Keys including this Species


Distribution based on Regional Taxon Lists

Afrotropical Region: South Africa (type locality).

Distribution based on AntMaps


Distribution based on AntWeb specimens

Check data from AntWeb




The following information is derived from Barry Bolton's Online Catalogue of the Ants of the World.

  • brigitteae. Tetramorium brigitteae Mbanyana, Robertson & Hita Garcia, 2018: 13, figs. 4J, 7, 24 (w.) SOUTH AFRICA.

Unless otherwise noted the text for the remainder of this section is reported from the publication that includes the original description.



(N = 1) HL 0.982; HW 1.059; SL 0.736; EL 0.284; PH 0.374; PW 0.672; WL 1.098; PSL 0.054; PTH 0.364; PTL 0.349; PTW 0.375; PPH 0.452; PPL 0.362; PPW 0.426; OI 27; CI 108; SI 70; DMI 61; LMI 34; PSLI 6; PeNI 56; LPeI 96; DPeI 107; PpNI 63; LPpI 80; DPpI 118; PPI 114.

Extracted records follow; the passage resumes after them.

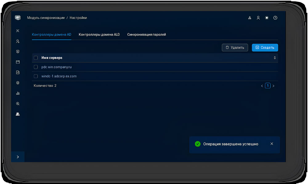 Синхронизация учетных записей пользователей играет ключевую роль при переходе на новую службу каталога. В модуль синхронизации ALD Pro 3.0 были внесены значительные улучшения: увеличена скорость — теперь 10 тысяч пользователей можно перенести всего за два часа. Усовершенствованный механизм работы позволяет обеспечить большую устойчивость к отказам сети и повысить точность сопоставления объектов по уникальным идентификаторам. Кроме того, важные события вынесены в отдельный сервисный журнал, что упрощает диагностику. Повышение производительности и надежности работы помогает сократить время простоев при миграции.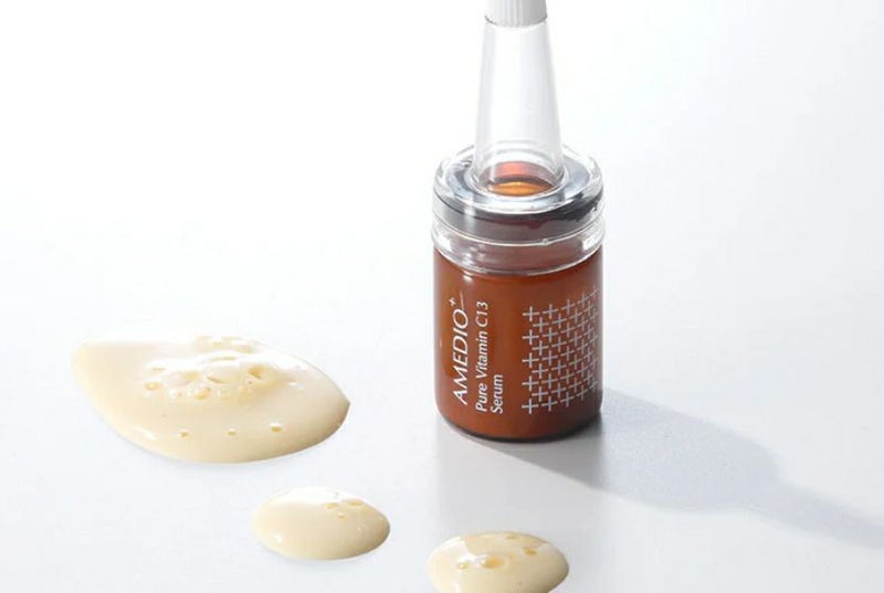 美容医療の現場で使われるビタミンCの濃度が平均9~10%なのに対し、AMEDIO+の美容液のピュアビタミンC*1の濃度は13%と濃密*2配合し、自宅ケアでも即効性*3を実感。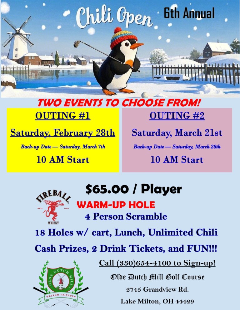 Olde Dutch Mill Golf Course is one of the most enjoyable and finest tests of golf in northeast Ohio. The tree lined, soft, lush fairways are carefully manicured. In addition to 18 holes of spectacular golf, you’ll love the journey through nature. Olde Dutch Mill’s course, driving range and full restaurant are open to the public year round.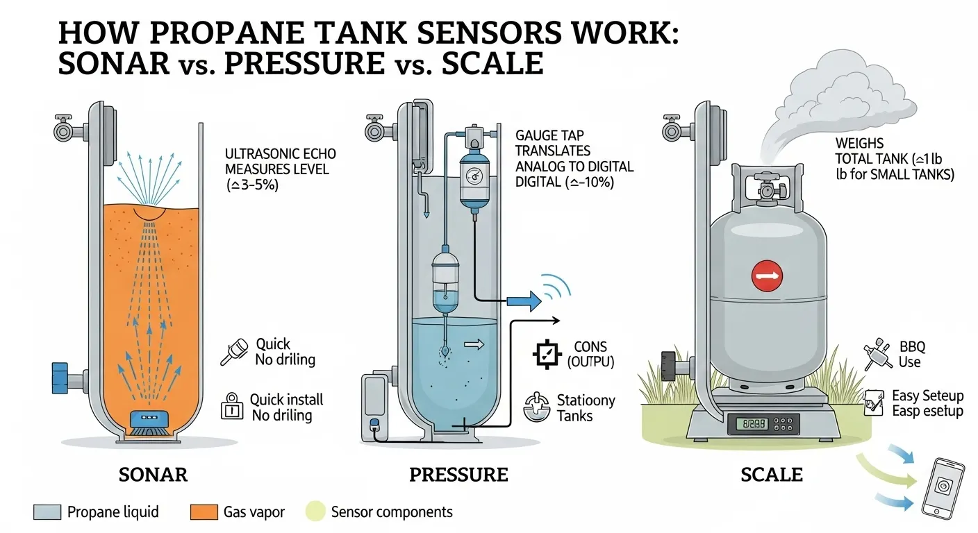Here’s where most people get tripped up. They think all smart propane monitors do the same thing — but the tech inside them couldn’t be more different. Understanding how these devices actually work helps you pick one that won’t drive you nuts six months later.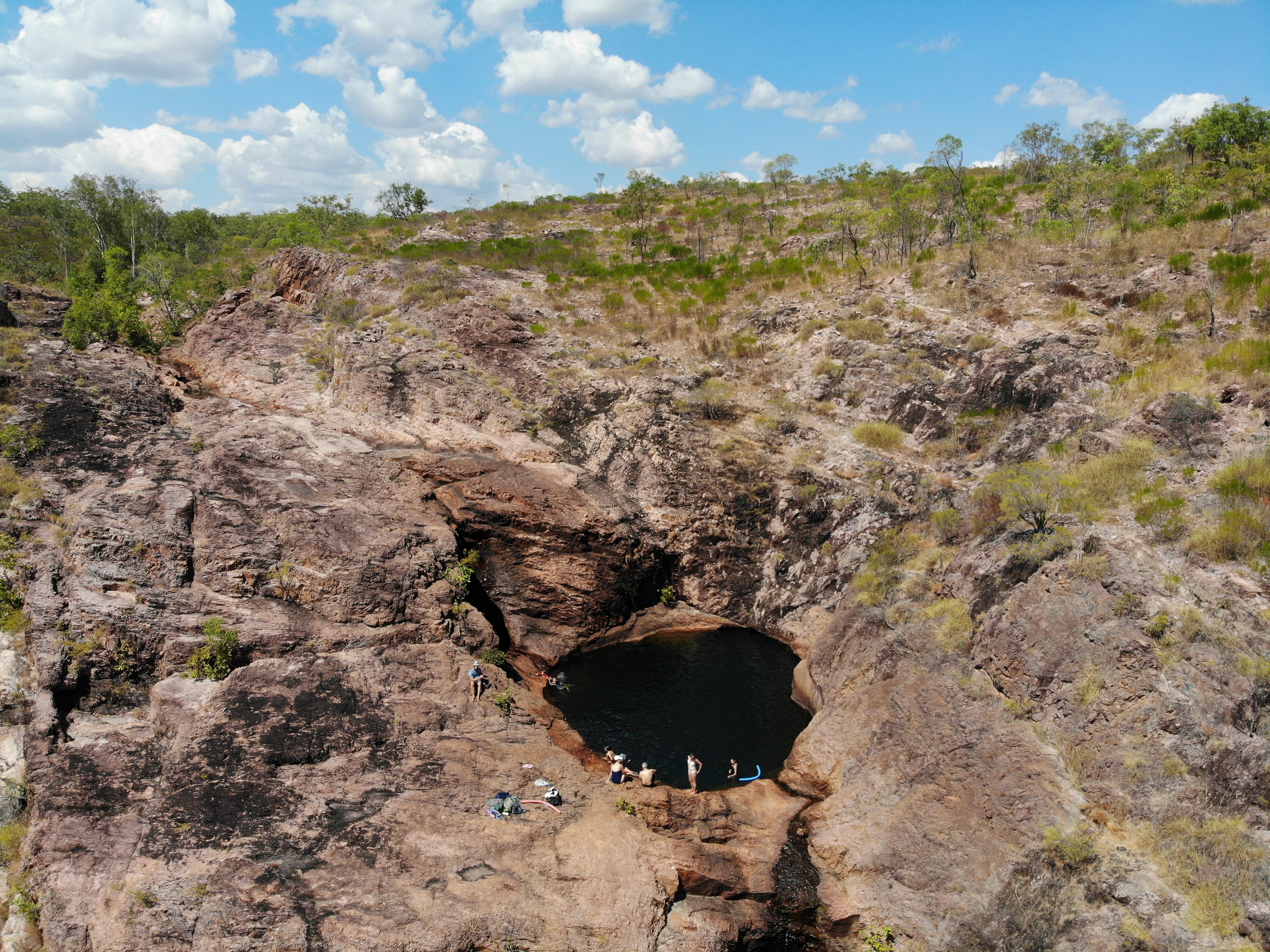 And that brings us to our final stop, the much acclaimed Litchfield National Park. And it was here that we invented Bum Dams. Now the May-Moors have a long tradition in determining that a particular river or other was in the wrong spot, and needed to be dammed and diverted along a more suitable path. We have been occupied by this pursuit right across the world, from the Scottish highlands to the mountain streams of New Zealand, the tropics of Asia and the colder climates of Tasmania. But never before had we encountered the smooth, impenetrable and certainly immobile rock that makes up waterfalls and rock pools of Litchfield. A new technique was required, and looking around for the most suitable resource at hand to us, we found that it was bottoms!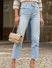 Casual high-waisted washed straight-leg jeans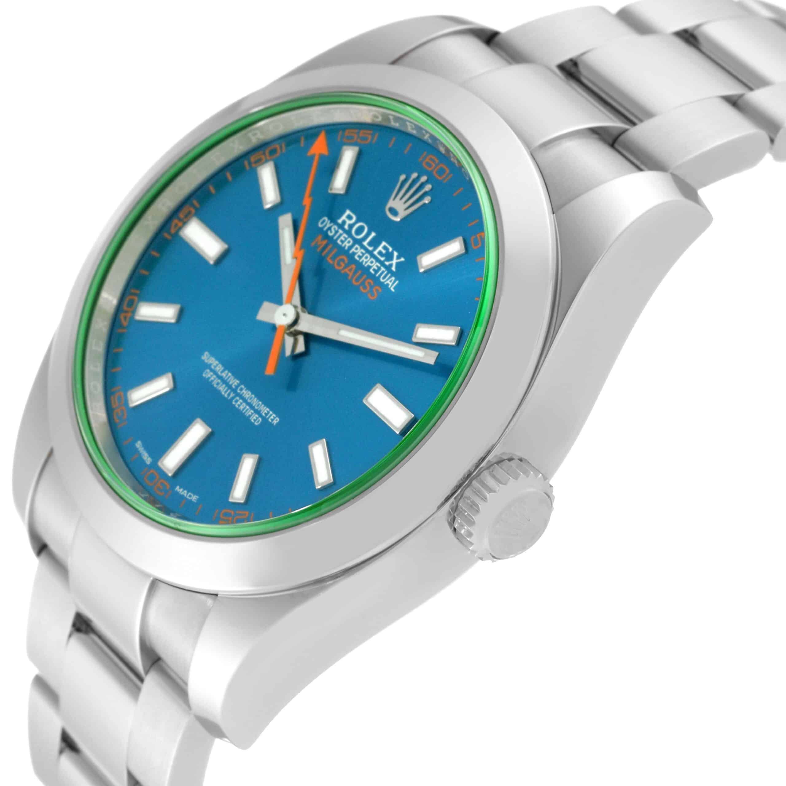 Rolex Milgauss Blue Dial Green Crystal Steel Mens Watch 116400GV Box Card

Holotype Mandibles with fine longitudinal striations. Anterior clypeal margin with extensive and deep indentation. Frontal carinae extending back to posterior margins of eyes. Eyes with 16 ommatidia in longest row. Propodeum armed with pair of short propodeal teeth (PSLI 6), teeth longer than basal width. Metapleural lobes low and rounded. Peduncle with prominent keel-shaped subpetiolar process. Petiolar node in profile nodiform, with posterior face slightly more steeply angled than anterior face; anterior face rounding into dorsum but with slightly angled corners as seen in dorsal view. Postpetiolar node low and rounded. Peduncle lacking subpetiolar process. Dorsal surfaces of head and mesosoma with longitudinal striations, spaces between them with superficial ground sculpture. Petiolar and postpetiolar nodes with fine reticulate sculpture overlain by few irregular transverse striations. Gastral tergite with longitudinal short striations basally and remaining part with fine reticulate pattern. All dorsal surfaces of body with abundant, short to moderately long, erect pilosity. Antennae with sub-erect pubescence. Tibia of middle and hind legs with numerous short, stout, erect hairs. Ventral surface of head with strongly developed psammophore. Head and mesosoma light brown in colour and gaster black.

Type Material

Holotype. South Africa: Northern Cape: worker, near Augrabies Falls National Park, on R359 past turnoff for Augrabies National Park, 28.623° S, 20.328° E, 639 m a.s.l., 13 Dec. 2011, Brigitte Braschler (SAM-HYM-C027040). South African Museum


Named after Dr Brigitte Braschler who collected the holotype and who has made a significant contribution to our knowledge of southern African arid ants through field work conducted as part of the DST/NRF Centre of Excellence for Invasion Biology’s Imbovane project.